Esto es concordante con informes previos en los que no se ha identificado de forma consistente una etiología infecciosa.
Del mismo modo, el cultivo bacteriano de las lesiones cutáneas en dos de los tres casos no mostró crecimiento de Escherichia coli que apoyara la posibilidad de infección por cepas productoras de toxina Shiga o toxina Shiga-like.

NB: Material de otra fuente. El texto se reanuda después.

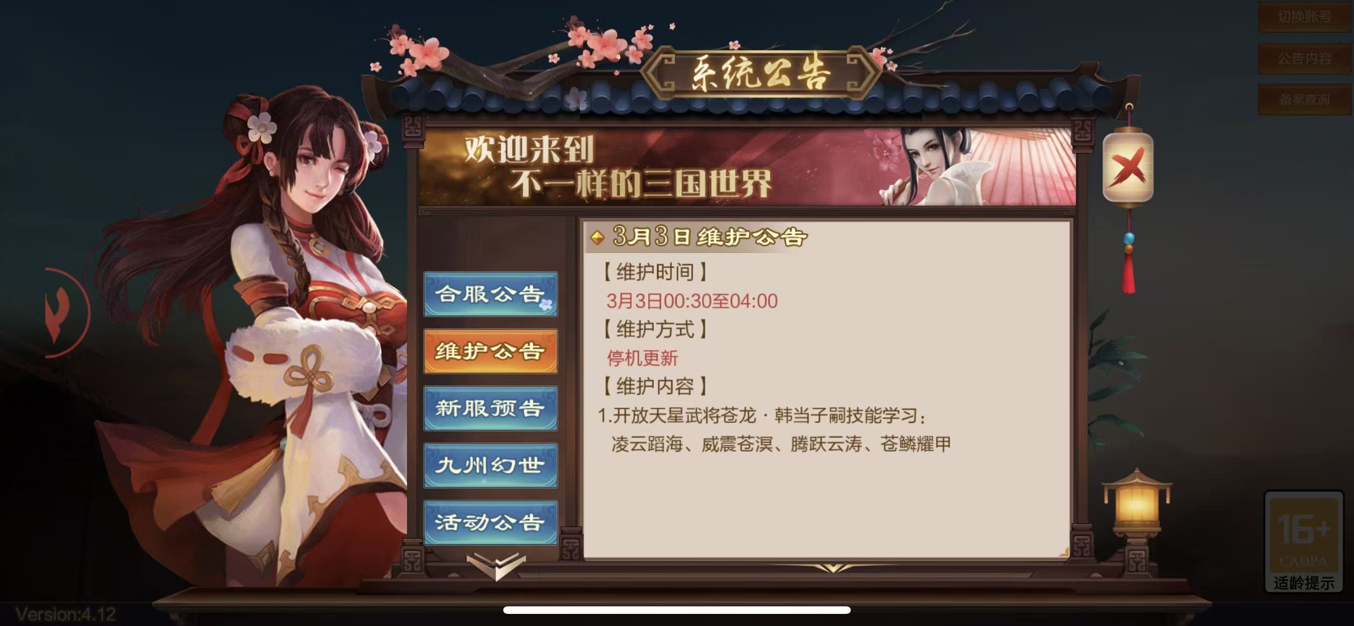 《谋天下》手游3月3日维护公告

Lamentablemente, no se realizó cultivo fecal en ninguno de los casos.
Los tres perros fueron examinados post mortem y presentaron lesiones compatibles con un diagnóstico de VCGR (microangiopatía trombótica renal característica).

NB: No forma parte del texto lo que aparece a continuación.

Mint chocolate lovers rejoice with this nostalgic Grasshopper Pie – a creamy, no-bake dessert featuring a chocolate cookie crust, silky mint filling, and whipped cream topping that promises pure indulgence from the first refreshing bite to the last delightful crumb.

También se identificó trombosis en la vasculatura intestinal en los casos 2 y 3, y en la vasculatura hepática en el caso 2.
Hasta donde sabemos, las alteraciones intestinales y hepáticas no habían sido descritas previamente.
La patología intestinal podría contribuir a los signos gastrointestinales (inapetencia, vómitos) que preceden al desarrollo de azotemia en algunos casos de VCGR.
Uno de los perros desarrolló episodios convulsivos poco después del ingreso.
Este hallazgo ha sido descrito en casos previos de VCGR, en los que el análisis histopatológico del tejido nervioso reveló cambios leves inespecíficos y degeneración y necrosis neuronal multifocal con hemorragia y edema.
En el caso 3, la histopatología del cerebro identificó una pequeña región focal de microtrombosis con necrosis asociada, microhemorragia e inflamación de la sustancia gris adyacente, hallazgos compatibles con microangiopatía trombótica.
Esta es la primera publicación que documenta MAT en los vasos cerebrales de un perro con VCGR, y sugiere una posible etiología para los episodios convulsivos observados.
Se ha observado que la enfermedad ocurre en agrupamientos en relación con factores temporales y espaciales cuando se analizan grupos de casos de VCGR.
Dos agrupamientos se produjeron en la región de New Forest, Reino Unido, en febrero–marzo de 2013 y abril de 2015–2017, y otro en Manchester, Reino Unido, en febrero–abril de 2014.
Aunque estos agrupamientos podrían haberse generado de forma artefactual debido a una mayor concienciación y vigilancia en dichas áreas y periodos, persiste la posibilidad de que algún factor ambiental, ya sea infeccioso, tóxico u otro, contribuya al desarrollo de la VCGR.
De manera interesante, dos de los tres casos descritos en este informe residían dentro de un radio de siete millas entre sí, aunque se presentaron con una diferencia temporal de cuatro años.
Conclusión
Esta serie de casos fue la primera en describir perros con VCGR presentados en la República de Irlanda.
¿Tenemos casos en España no diagnosticados?
Un reconocimiento más temprano facilitará la intervención terapéutica y podría contribuir a mejorar el pronóstico en futuros casos.